• **Data shown**:
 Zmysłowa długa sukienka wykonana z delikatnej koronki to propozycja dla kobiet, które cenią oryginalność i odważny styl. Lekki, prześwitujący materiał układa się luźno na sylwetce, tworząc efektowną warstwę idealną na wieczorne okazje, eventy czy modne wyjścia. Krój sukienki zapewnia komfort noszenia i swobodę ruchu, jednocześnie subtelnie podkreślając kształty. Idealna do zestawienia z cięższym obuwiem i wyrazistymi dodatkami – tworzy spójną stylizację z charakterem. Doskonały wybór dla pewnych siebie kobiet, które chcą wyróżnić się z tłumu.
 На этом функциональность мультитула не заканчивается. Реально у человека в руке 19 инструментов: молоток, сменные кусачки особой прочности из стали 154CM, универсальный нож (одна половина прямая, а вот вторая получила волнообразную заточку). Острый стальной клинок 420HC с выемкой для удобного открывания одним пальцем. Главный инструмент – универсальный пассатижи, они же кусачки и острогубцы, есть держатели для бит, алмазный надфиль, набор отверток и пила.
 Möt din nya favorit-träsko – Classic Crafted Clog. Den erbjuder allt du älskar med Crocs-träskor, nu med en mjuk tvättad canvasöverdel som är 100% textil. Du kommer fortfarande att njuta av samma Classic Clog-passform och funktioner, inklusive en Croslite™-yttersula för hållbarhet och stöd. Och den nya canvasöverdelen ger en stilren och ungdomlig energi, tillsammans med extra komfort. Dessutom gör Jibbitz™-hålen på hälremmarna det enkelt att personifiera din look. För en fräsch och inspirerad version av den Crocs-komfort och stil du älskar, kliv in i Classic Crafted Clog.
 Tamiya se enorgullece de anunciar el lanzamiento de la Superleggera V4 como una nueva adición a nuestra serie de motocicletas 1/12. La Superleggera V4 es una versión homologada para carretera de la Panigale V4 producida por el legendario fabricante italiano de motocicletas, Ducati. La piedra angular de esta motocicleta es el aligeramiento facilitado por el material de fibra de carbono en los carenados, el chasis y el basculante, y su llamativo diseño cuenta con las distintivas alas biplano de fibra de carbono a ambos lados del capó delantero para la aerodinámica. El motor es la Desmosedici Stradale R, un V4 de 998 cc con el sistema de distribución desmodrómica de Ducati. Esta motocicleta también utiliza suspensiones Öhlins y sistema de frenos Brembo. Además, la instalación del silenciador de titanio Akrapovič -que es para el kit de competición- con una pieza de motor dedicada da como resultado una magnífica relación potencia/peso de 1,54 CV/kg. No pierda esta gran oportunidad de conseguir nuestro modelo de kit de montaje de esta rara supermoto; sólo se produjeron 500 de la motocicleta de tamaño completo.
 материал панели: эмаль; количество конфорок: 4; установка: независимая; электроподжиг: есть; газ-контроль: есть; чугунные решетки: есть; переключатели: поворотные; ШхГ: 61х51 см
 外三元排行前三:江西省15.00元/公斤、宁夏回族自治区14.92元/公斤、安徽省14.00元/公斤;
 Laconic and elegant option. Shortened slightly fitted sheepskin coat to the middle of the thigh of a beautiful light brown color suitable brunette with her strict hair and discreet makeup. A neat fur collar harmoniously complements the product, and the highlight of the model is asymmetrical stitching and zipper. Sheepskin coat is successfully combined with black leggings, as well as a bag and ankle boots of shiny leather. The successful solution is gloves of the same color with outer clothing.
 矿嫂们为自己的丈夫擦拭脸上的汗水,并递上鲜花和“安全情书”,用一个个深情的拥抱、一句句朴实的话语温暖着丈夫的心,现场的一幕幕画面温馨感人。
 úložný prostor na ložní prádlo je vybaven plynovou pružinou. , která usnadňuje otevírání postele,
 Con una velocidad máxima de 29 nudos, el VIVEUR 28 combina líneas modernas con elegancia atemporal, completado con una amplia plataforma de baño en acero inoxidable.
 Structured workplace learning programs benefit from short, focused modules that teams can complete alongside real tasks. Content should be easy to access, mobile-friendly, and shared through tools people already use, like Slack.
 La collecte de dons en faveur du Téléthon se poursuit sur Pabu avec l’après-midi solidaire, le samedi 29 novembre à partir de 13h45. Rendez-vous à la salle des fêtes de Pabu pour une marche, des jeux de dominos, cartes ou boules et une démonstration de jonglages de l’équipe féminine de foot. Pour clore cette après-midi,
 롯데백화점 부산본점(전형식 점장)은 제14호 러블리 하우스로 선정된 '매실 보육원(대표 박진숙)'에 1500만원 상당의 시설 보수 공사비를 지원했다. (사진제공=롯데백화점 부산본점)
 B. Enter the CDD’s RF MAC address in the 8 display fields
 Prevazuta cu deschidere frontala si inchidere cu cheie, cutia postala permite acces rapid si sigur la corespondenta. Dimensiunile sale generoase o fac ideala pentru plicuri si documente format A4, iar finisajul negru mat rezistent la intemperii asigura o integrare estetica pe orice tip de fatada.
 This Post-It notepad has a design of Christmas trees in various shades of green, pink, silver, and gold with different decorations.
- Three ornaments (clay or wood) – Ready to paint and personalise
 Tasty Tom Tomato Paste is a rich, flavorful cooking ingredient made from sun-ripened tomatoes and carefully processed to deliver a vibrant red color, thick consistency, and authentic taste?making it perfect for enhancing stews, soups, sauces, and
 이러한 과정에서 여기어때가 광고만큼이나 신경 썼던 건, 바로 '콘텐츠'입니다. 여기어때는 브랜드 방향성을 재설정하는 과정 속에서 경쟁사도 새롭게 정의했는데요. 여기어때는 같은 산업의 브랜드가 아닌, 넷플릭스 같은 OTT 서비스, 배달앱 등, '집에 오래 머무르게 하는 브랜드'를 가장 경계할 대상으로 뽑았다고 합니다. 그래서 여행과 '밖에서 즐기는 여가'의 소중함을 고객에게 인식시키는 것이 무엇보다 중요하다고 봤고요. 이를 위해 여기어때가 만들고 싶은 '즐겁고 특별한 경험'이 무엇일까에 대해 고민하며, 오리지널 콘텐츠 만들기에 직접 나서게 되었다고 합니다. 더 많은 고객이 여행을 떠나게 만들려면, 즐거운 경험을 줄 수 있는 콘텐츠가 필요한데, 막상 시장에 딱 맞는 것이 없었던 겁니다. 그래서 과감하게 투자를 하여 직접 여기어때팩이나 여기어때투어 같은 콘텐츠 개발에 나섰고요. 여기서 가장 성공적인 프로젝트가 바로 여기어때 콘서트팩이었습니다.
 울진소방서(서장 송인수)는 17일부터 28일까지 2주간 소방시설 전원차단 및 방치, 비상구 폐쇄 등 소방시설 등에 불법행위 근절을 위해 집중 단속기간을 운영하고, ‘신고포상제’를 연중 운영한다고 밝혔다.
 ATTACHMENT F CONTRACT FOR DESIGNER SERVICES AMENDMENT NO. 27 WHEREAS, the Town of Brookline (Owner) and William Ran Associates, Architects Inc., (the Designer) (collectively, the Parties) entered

• **What the task asks**: Please work out how many lines above contain the string "from", and reply with that number alone.

• **The answer**: 2